▶ **Task prompt**: Although the entries contain pictures, repeat only their words, exactly as written.

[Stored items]
────────

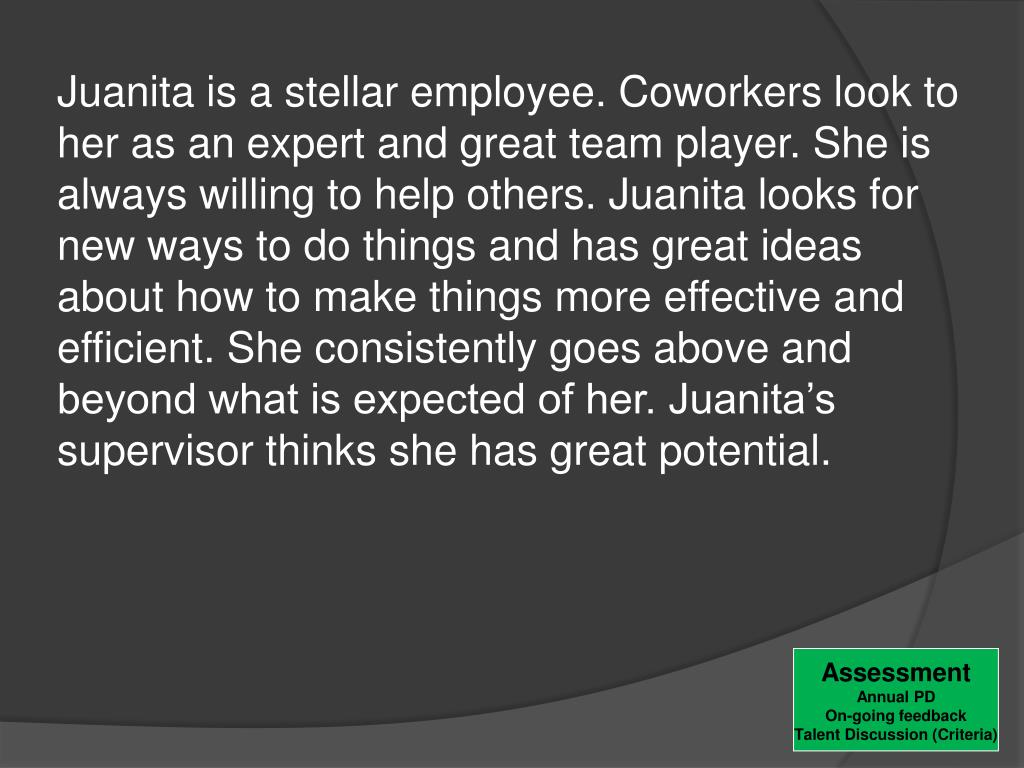 Juanita is a stellar employee. Coworkers look to her as an expert and great team player. She is always willing to help others. Juanita looks for new ways to do things and has great ideas about how to make things more effective and efficient. She consistently goes above and beyond what is expected of her. Juanita’s supervisor thinks she has great potential. Assessment Annual PD On-going feedback Talent Discussion (Criteria)
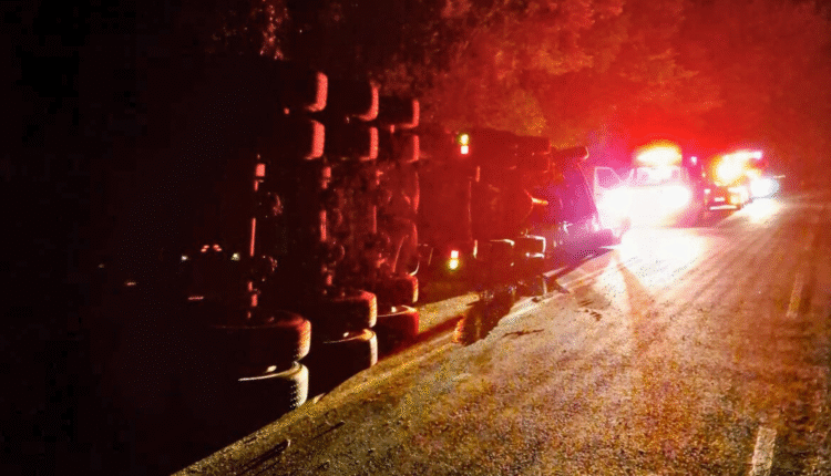 Um caminhão tombou na madrugada desta quinta-feira (19), por volta das 4h30, na PR-090, no km 162+700, no trecho entre
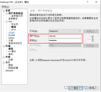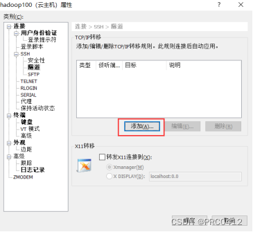 我们要在五台云服务器中选择一台作为隧道机,比如,我们选择hadoop100作为隧道机,那我们我们在Xshell的属性中选择“隧道”并选择“添加”,如下所示。
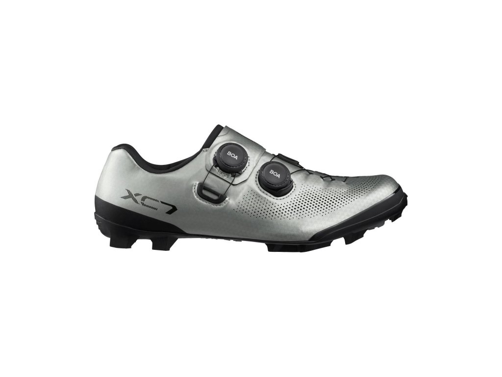 SH-XC703 sú pretekárske XC tretry, ktoré sú mimoriadne pohodlné, ľahké a navrhnuté pre maximálny výkon pri šliapaní za všetkých podmienok. Elegantné, ploché krížové šnurovanie zaisťuje elegantné uchytenie prednej časti chodidla. Systém BOA® s dvoma kompaktnými kolieskami L6Z pre presné prispôsobenie. Výnimočne ľahká a tuhá medzipodrážka vystužená karbónom pre optimálny prenos sily. Ľahká gumená podrážka SHIMANO ULTREAD XC poskytuje bezkonkurenčnú trakciu pri zdolávaní náročného terénu. Kompatibilné so zarážkami SPD. Hmotnosť od 644g (č.43). Odporúčame odmerať chodidlo a objednať veľkosť podľa veľkostnej tabuľky - zväčša je potrebné objednať o číslo väčšiu veľkosť než štandardne nosíte. Tretry sú dostupné aj v prevedení so širším kopytom - veľkosť je označená písmenom E.
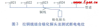 為了得到管道任意位置的陰極保護(hù)數(shù)據(jù),包括定向鉆穿越段中間部位、丟失的測試樁、占壓無法打開的測試井等處的陰極保護(hù)數(shù)據(jù),擬采用拉銅線和極化探頭相結(jié)合的方法進(jìn)行測試。為了驗(yàn)證該方法的可靠性及準(zhǔn)確性,選取c-yj024測試樁作為管道上任意測試點(diǎn)。步驟為:
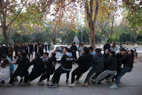 随后,参赛师生以班级或团队为单位分赴各个比赛地点开始精彩激烈的角逐。比赛设有趣味竞技赛:指压板障碍跑(翻扑克牌)、“不倒森林”、吸管接力赛、“蛟龙出海(8人9足)”、呼啦圈“过山车”、击鼓颠球(同心鼓)6项和拔河比赛。

────────

▶ **Final answer**:
 Juanita is a stellar employee. Coworkers look to her as an expert and great team player. She is always willing to help others. Juanita looks for new ways to do things and has great ideas about how to make things more effective and efficient. She consistently goes above and beyond what is expected of her. Juanita’s supervisor thinks she has great potential. Assessment Annual PD On-going feedback Talent Discussion (Criteria)
 Um caminhão tombou na madrugada desta quinta-feira (19), por volta das 4h30, na PR-090, no km 162+700, no trecho entre
 我们要在五台云服务器中选择一台作为隧道机,比如,我们选择hadoop100作为隧道机,那我们我们在Xshell的属性中选择“隧道”并选择“添加”,如下所示。
 SH-XC703 sú pretekárske XC tretry, ktoré sú mimoriadne pohodlné, ľahké a navrhnuté pre maximálny výkon pri šliapaní za všetkých podmienok. Elegantné, ploché krížové šnurovanie zaisťuje elegantné uchytenie prednej časti chodidla. Systém BOA® s dvoma kompaktnými kolieskami L6Z pre presné prispôsobenie. Výnimočne ľahká a tuhá medzipodrážka vystužená karbónom pre optimálny prenos sily. Ľahká gumená podrážka SHIMANO ULTREAD XC poskytuje bezkonkurenčnú trakciu pri zdolávaní náročného terénu. Kompatibilné so zarážkami SPD. Hmotnosť od 644g (č.43). Odporúčame odmerať chodidlo a objednať veľkosť podľa veľkostnej tabuľky - zväčša je potrebné objednať o číslo väčšiu veľkosť než štandardne nosíte. Tretry sú dostupné aj v prevedení so širším kopytom - veľkosť je označená písmenom E.
 為了得到管道任意位置的陰極保護(hù)數(shù)據(jù),包括定向鉆穿越段中間部位、丟失的測試樁、占壓無法打開的測試井等處的陰極保護(hù)數(shù)據(jù),擬采用拉銅線和極化探頭相結(jié)合的方法進(jìn)行測試。為了驗(yàn)證該方法的可靠性及準(zhǔn)確性,選取c-yj024測試樁作為管道上任意測試點(diǎn)。步驟為:
 随后,参赛师生以班级或团队为单位分赴各个比赛地点开始精彩激烈的角逐。比赛设有趣味竞技赛:指压板障碍跑(翻扑克牌)、“不倒森林”、吸管接力赛、“蛟龙出海(8人9足)”、呼啦圈“过山车”、击鼓颠球(同心鼓)6项和拔河比赛。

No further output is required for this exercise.